When I click on "Get Mail" the following message appears on the bar at the bottom of the page: "Downloading message 1 or 53 to (email address). But it times out without downloading the messages.


----------



## MartyF81 (Jan 23, 2013)

How long are you waiting?


----------



## gregorydrake (Sep 4, 2014)

Until it times out (1-2 minutes)


----------



## gregorydrake (Sep 4, 2014)

I have three email accounts (all GMAIL) loaded


----------



## gregorydrake (Sep 4, 2014)

After it times out, the message at the bottom changes to: "No messages to download"


----------



## Corday (Mar 3, 2010)

TBird>Tools>General>Advanced>Config Editor>Filter>mailnews.tcptimeout>In Enter Integer value, raise the value.
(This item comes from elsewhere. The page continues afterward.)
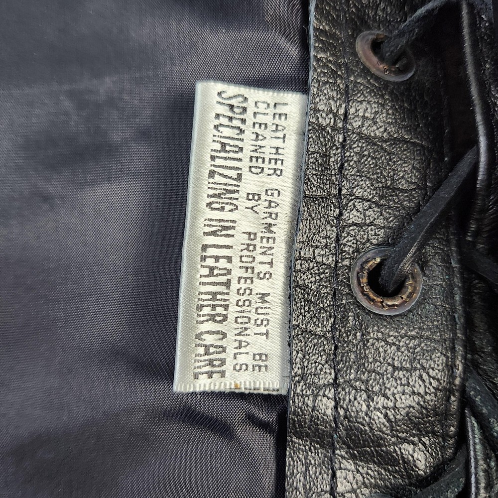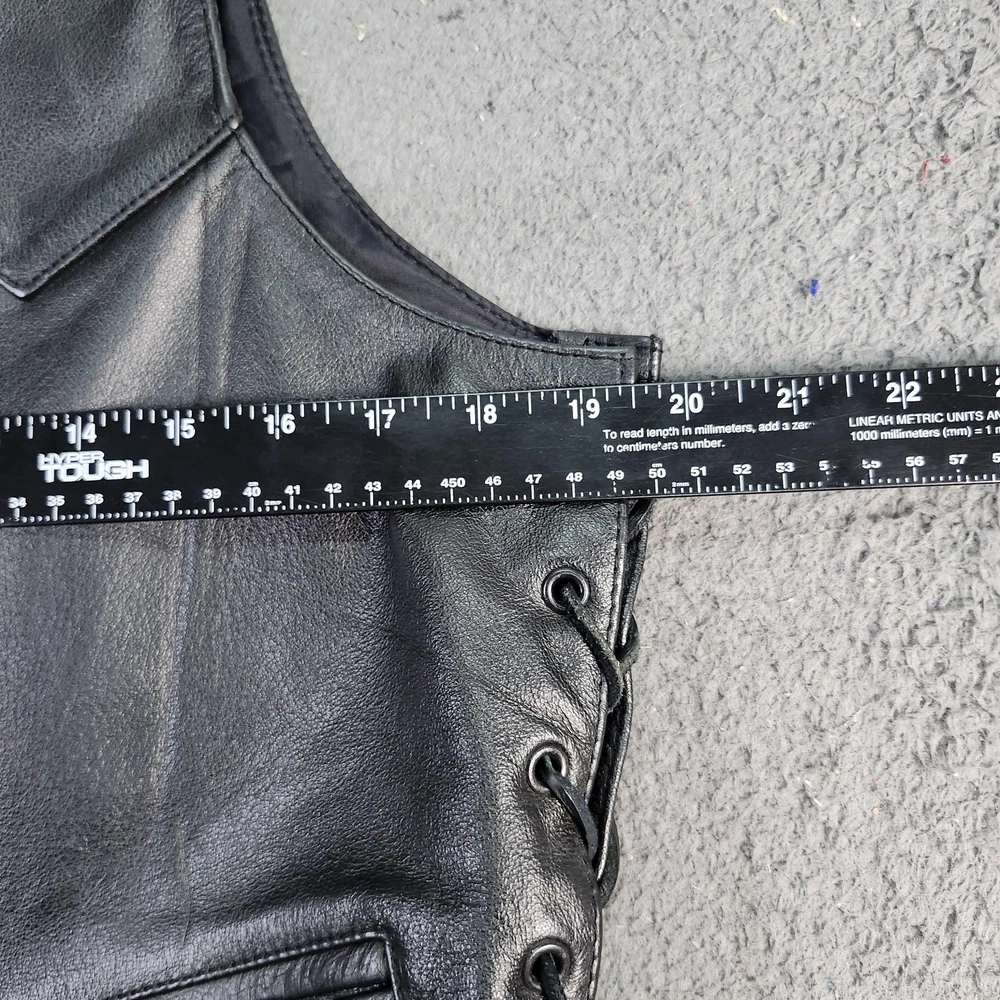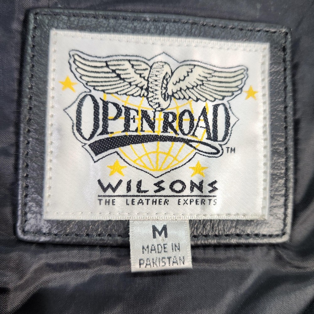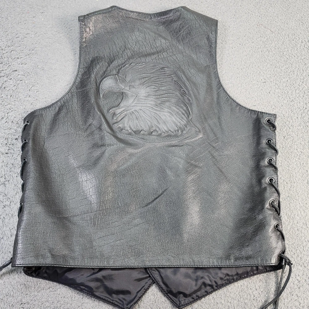 Brand: Wilsons Leather (Open Road collection). Style: Mens biker motorcycle vest with snap front closure and collarless V-neck neckline. Color: Solid black leather exterior with black lining. Size: Mens Medium (tagged M on interior Open Road Wilsons label). Material: Genuine leather outer shell with smooth woven lining (exact fiber content not listed on visible tags). Country of origin: Made in Pakistan; care tag notes that leather garments must be cleaned by professionals specializing in leather care. Design details: Four-snap single-breasted front, angled western-style front yokes, two front welt pockets, and full interior lining for comfort. Side and back details: Adjustable lace-up sides with metal grommets for fit and layering over shirts or jackets, plus a large embossed eagle head graphic on the back panel for classic biker styling. Features and use: Collarless leather riding vest ideal for motorcycle wear, casual layering in fall and spring, and biker or motorcycle-themed outfits where a tough, classic leather look is desired.

It will now show user set. Also, you shouldn't have to click Get Mail. TBird should do that upon opening.


----------



## gregorydrake (Sep 4, 2014)

Raised value from 100 to 200. No change. (It does auto check incoming messages at start-up).


----------



## Corday (Mar 3, 2010)

TBird updated today. See if the problem is the new version or if updated, try reverting.


----------



## gregorydrake (Sep 4, 2014)

Thanks everyone. It started working again. Maybe it was updating and I wasn't aware.


----------



## Corday (Mar 3, 2010)

Just in case it wasn't that, go ahead and "Compact Folders".


----------



## gregorydrake (Sep 4, 2014)

I'm sorry, I don't know what that means.


----------



## Corday (Mar 3, 2010)

Thunderbird>File>Compact Folders


----------



## gregorydrake (Sep 4, 2014)

Got it. Thanks again for everyone's help!!!


----------